À quelques minutes du Camp de Natzweiler,

À la porte de l'Hôpital où furent amenées les dépouilles chaudes de 87 hommes,

Ex-Anonymes Matricules Rayures Disparues

Dans la nuit et le brouillard,

 

Bonjour.

Bonjour, Menahem Taffel,

Un des transférés d'Auschwitz pour "expériences" au KL voisin,

 

Bonjour,

Car bientôt

Très bientôt

Il n’en restera

Aucun

Aucun

 

Le silence proposera son manteau

Au gravier, au fer qui grince, au bois qui craque

Tous les survivants auront été rattrapés ;

Tous en leur temps, avalés par la Grande Vorace

Seront ramassés dans des lettres sur un marbre.

 

Je me moque des souvenirs qui traînent après les leçons,

Je veux entrer dans la mémoire, me loger dans l’utérus

Dans la matrice où naissent les souvenirs et les récits

 

Parce que maintenant,

Le gravier veut des pas où crisser :

A qui sera le tour ?

 

Partout la pluie fait des chapelets de rosée

Sur les barbelés noirs et fauves

Un carré, un stade,

Où vingt, vingt-cinq milliers,

Ou plus,

Ont quitté la vie.

 

Ici, la boue chante des accents étouffés

Quand elle descend avec les rigoles

Nées au sommet, où le camp trônait

Là, les arbres ont été nourris à la cendre humaine

Chacun de ces humains au peu à peu qui passait,

Tandis qu’ailleurs des clochers comptaient le temps

 

Chacun de ces humains des deux côtés des barreaux

Chacun

Chacun

Est mort dans la mort

Mort dans la mort de chacune des victimes

 

Chacun de ces humains était un amour pour quelqu'un

Sa photo l’attendant là où les bombes n’étaient pas tombées

Que reste-t-il de ces amours ?

 

Il reste

Nous.

Nous…

 

Il est fini le temps des chrysanthèmes

Nous ne sommes pas plus que des liserons

Pour fleurir encor chaque année, nous montons

à l'assaut des grillages rouillés : golems.

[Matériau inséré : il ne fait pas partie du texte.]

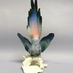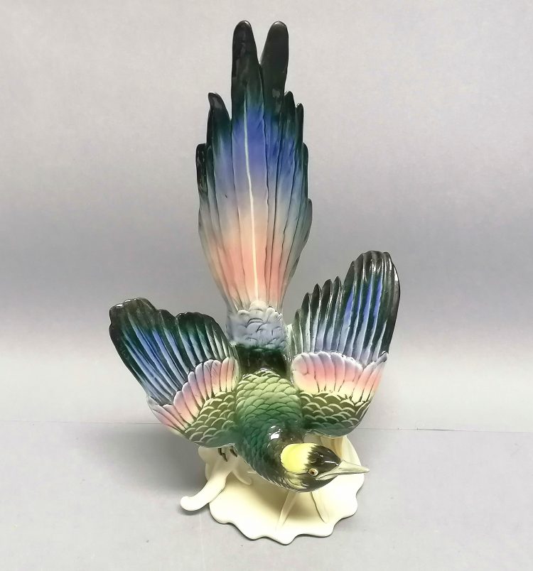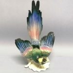 Kolekcjonerska figurka – barwny, rajski ptak z rozpostartymi skrzydłami.
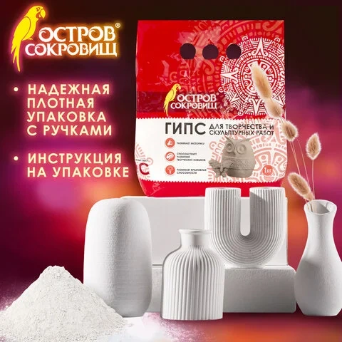 Гипс скульптурный ОСТРОВ СОКРОВИЩ, 1000 г, прочность Г-16, пакет, 661546
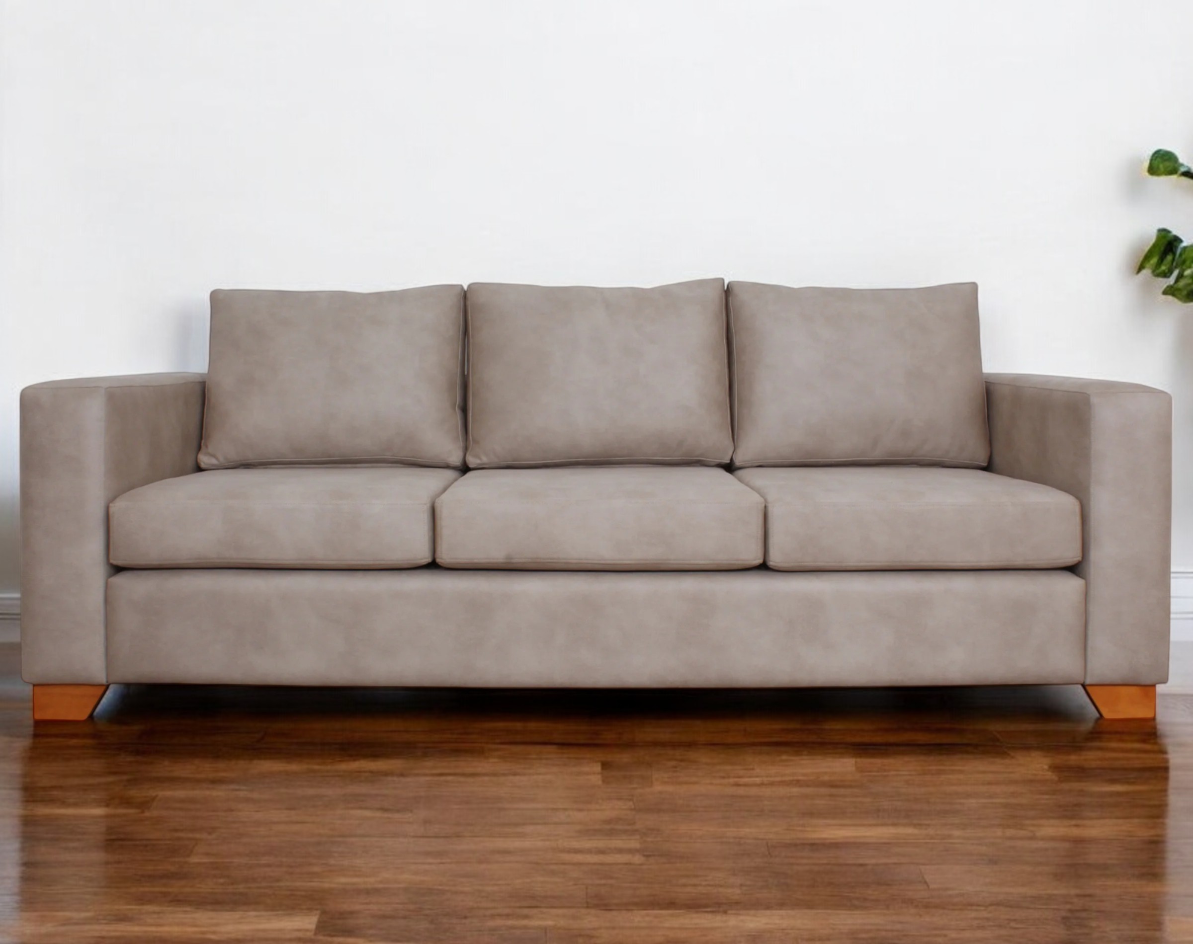 Las patas de madera de 7 cm, en un tono miel con corte angular, añaden un toque moderno y estético al diseño. El contraste entre la suavidad del cuero y la calidez de la madera crea un equilibrio visualmente agradable.

Nous tissons nos fils au-dessus de l’oubli

Sur une mémoire hérissée, accrochés

Nous flottons comme du linge toujours taché

Partout les chapelets de rosée nous prient

Sous la pluie des jours, nous ne pouvons sécher

Nous ne serons plus ni drapeaux ni oriflammes

Tous ces humains sacs de peaux jetés dans les flammes

Nous habitent, nous emportent, nous soulèvent,

Pour fleurir juste un peu plus haut que leurs rêves

Sur la dernière ombre des barbelés rouillés ;

Alors, liserons, à l'assaut des lignes, fleurissons.